Good writers will want as many readers, wherever they are in the world, and whatever their background, to understand what they are writing. Sometimes you need to take account of what different users of English understand by terms. For instance:

  • in the UK and Ireland a "public school" is a type of fee-paying school, elsewhere in the English-speaking world, it tends to mean a state-funded school.
  • the verb "to table" means the opposite in American English of what it means in British English.
  • the word "should" can mean "ought to" or "must" in British English. In American English it can mean "ought to" but never "must".

As a courtesy to readers, writers should seek to use words that will be generally understood by speakers of all forms of standard English. Sometimes this is not possible without diluting the sense or flow of the article, or without missing out vital information – in this case, the word/phrase that may not be understood or may be misunderstood should be explained (see, for example, Eton College)

Choice of words[edit]

If a word or phrase is generally regarded as correct, then prefer it to any other word or phrase that might be regarded as incorrect. For example, "other meaning" should be used where it can instead of "alternate meaning" or "alternative meaning", because not all English speakers regard "alternate" and "alternative" as meaning the same. Alternative commonly suggests "non-traditional" or "out-of-the-mainstream" to an American-English or British-English speaker. In British English the confusion never arose, and "alternate" means specifically occurring regularly every second time; thus "alternate meaning" would be regarded as incorrect. Some traditional usage experts consider alternative to be appropriate only when there are exactly two alternatives because of the Latin root alter. (On the original meaning of "alternate", the American Heritage Dictionary "Usage Note" at alternative says: "Alternative should not be confused with alternate. Correct usage requires The class will meet on alternate (not alternative) Tuesdays." [1])

Abbreviations[edit]

Avoid abbreviations which may not be understood. E.g. (for example) and i.e. (that is) are probably well enough used in standard English (although many English-speakers confuse the two!), but more scholarly abbreviations of Latin terms like nb or viz. should be avoided. Also, we never need to use the abbreviation qv, as terms which have their own articles can be pipe-linked in.

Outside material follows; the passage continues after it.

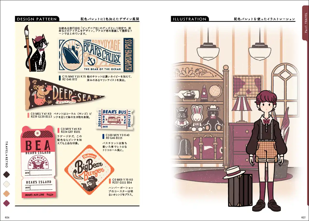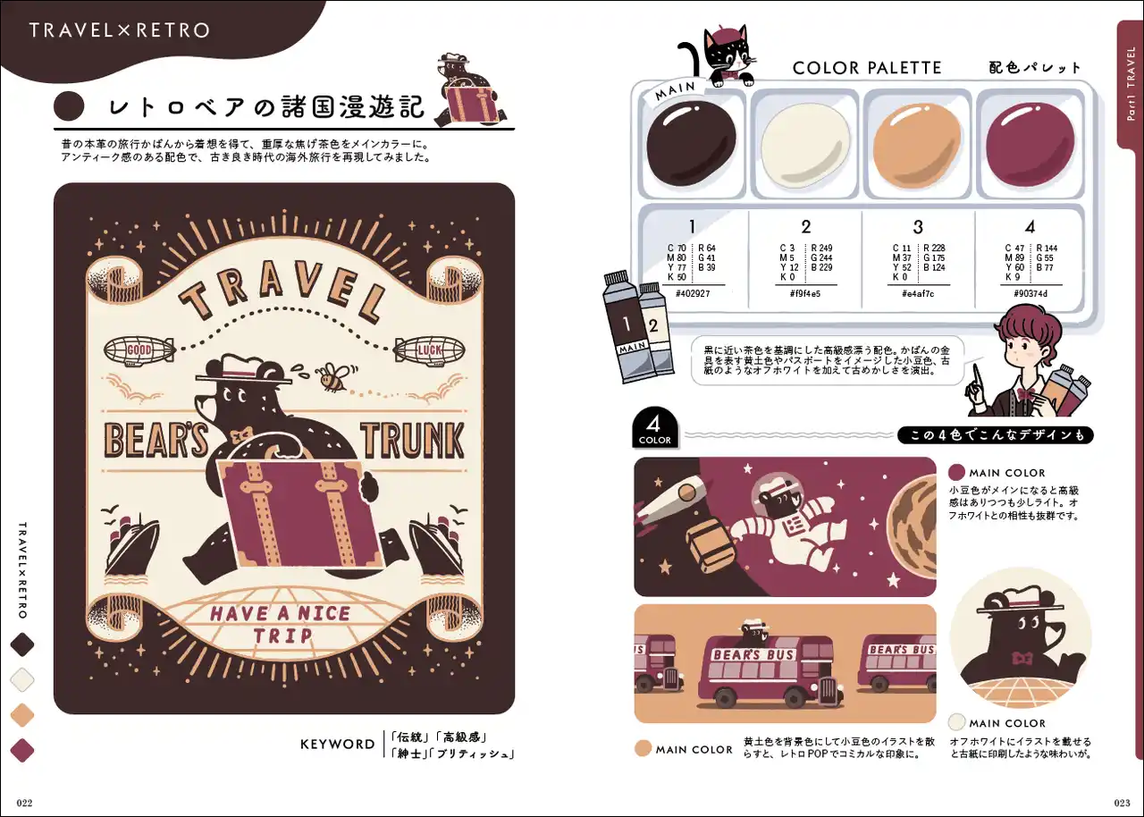 アジア中で大人気のかわいくてレトロなオシャレモチーフ×配色を、本書では「旅」「コスメ」「喫茶」「ステーショナリー」「ショップ」「レジャー」「グルメ」「謎解き」「イベント」の9つのテーマに合わせて、アイデアを3パターンずつ紹介しています。 |

Don't arbitrarily change style[edit]

Official style is: Do not change the form of standard English adopted by an article without good reason.

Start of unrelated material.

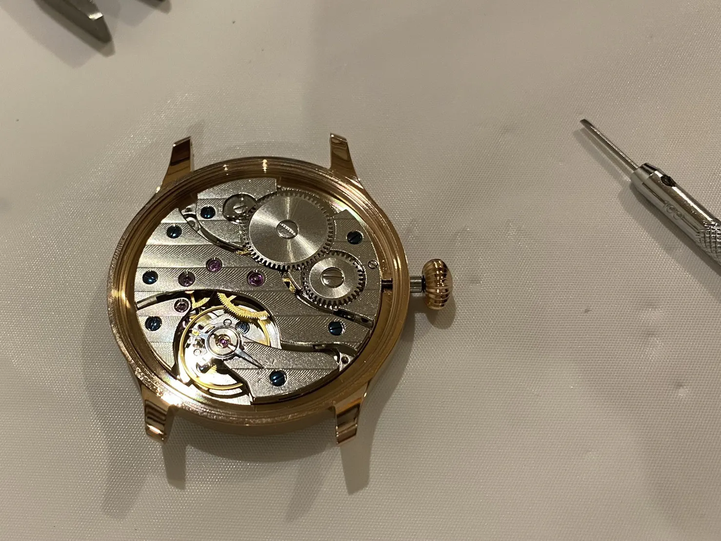 ケースとリューズを取り付け完了したところです。

Purpose of this rule[edit]

Good reason[edit]

Examples of what constitutes a "good reason" include:

Other punctuation issues[edit]

Possessives[edit]

Possessives of singular nouns ending in s may be formed with or without an additional s. Either form is generally acceptable within Wikipedia. However, if either form is much more common for a particular word or phrase, follow that form, such as with Achilles' heel.

Commas[edit]

Insert an additional comma before the final "and" (or "or") if needed for clarification: sugar, beef and veal, and milk products.

Oxford comma[edit]

Some people use the Oxford comma (also known as the Harvard or serial comma). This is a comma before "and" or "or" at the end of a series, regardless of whether it is needed for clarification purposes.

For example:

  • X, Y, and Z (with an Oxford comma)
  • X, Y and Z (without an Oxford comma)

Wikipedia has no preference between the two styles, but requests that the chosen style be used consistently within an article.

Contractions[edit]

Using too many contractions (such as "don't", "won't", "can't") can make an article look informal.